[WHAT YOU SHOULD DO] Retype, word for word, the line holding "Nagy méretű hálószoba" and every line below it to the end of the listing. Leave out the pictures.

[DATASET SECTION]
_ _ _ _ _
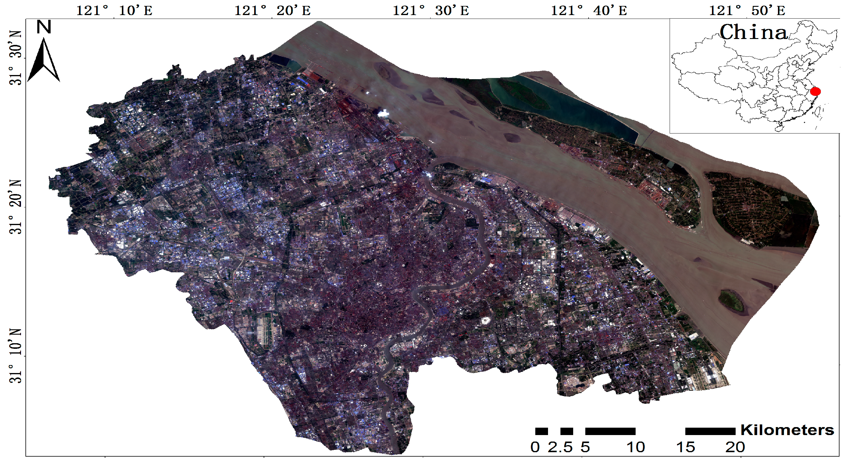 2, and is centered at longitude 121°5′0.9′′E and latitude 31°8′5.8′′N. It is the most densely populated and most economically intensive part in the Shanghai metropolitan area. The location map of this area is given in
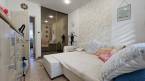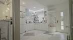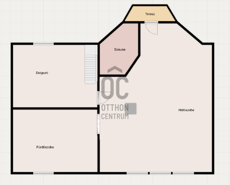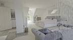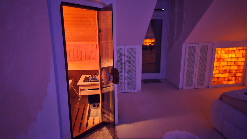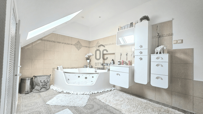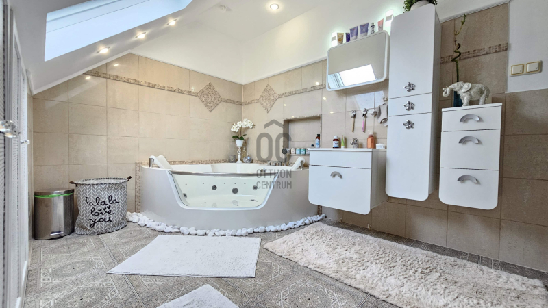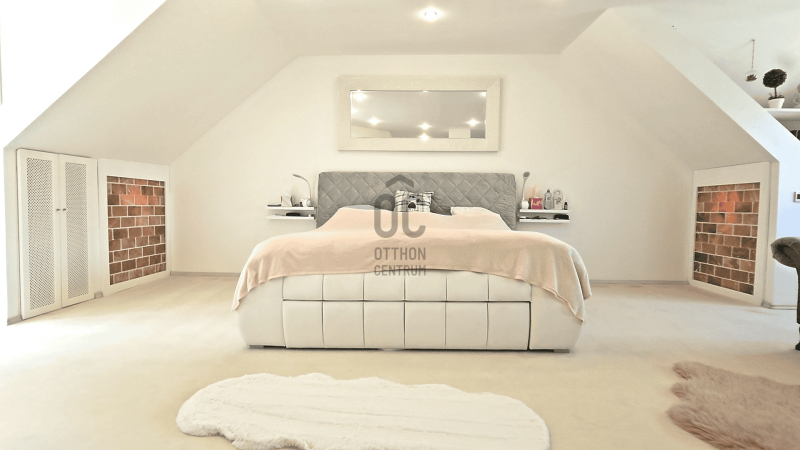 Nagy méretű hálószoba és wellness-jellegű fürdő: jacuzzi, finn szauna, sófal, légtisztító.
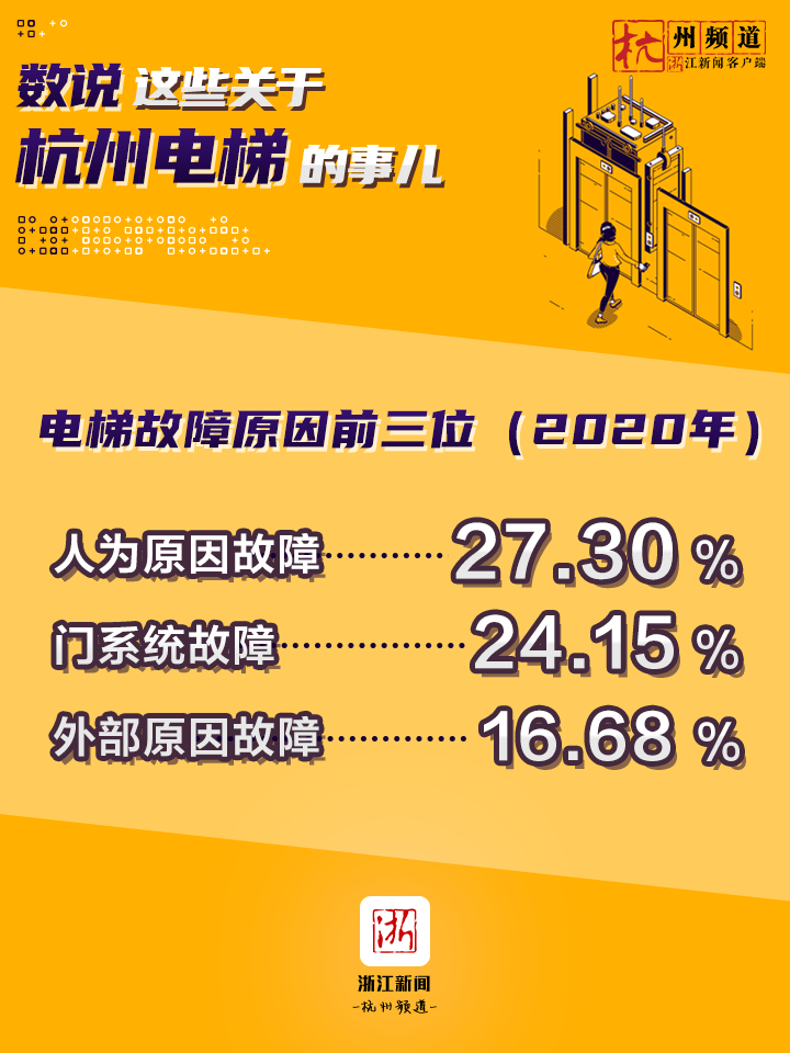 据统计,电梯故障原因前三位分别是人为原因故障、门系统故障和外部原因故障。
_ _ _ _ _
[SOLUTION]
 Nagy méretű hálószoba és wellness-jellegű fürdő: jacuzzi, finn szauna, sófal, légtisztító.
 据统计,电梯故障原因前三位分别是人为原因故障、门系统故障和外部原因故障。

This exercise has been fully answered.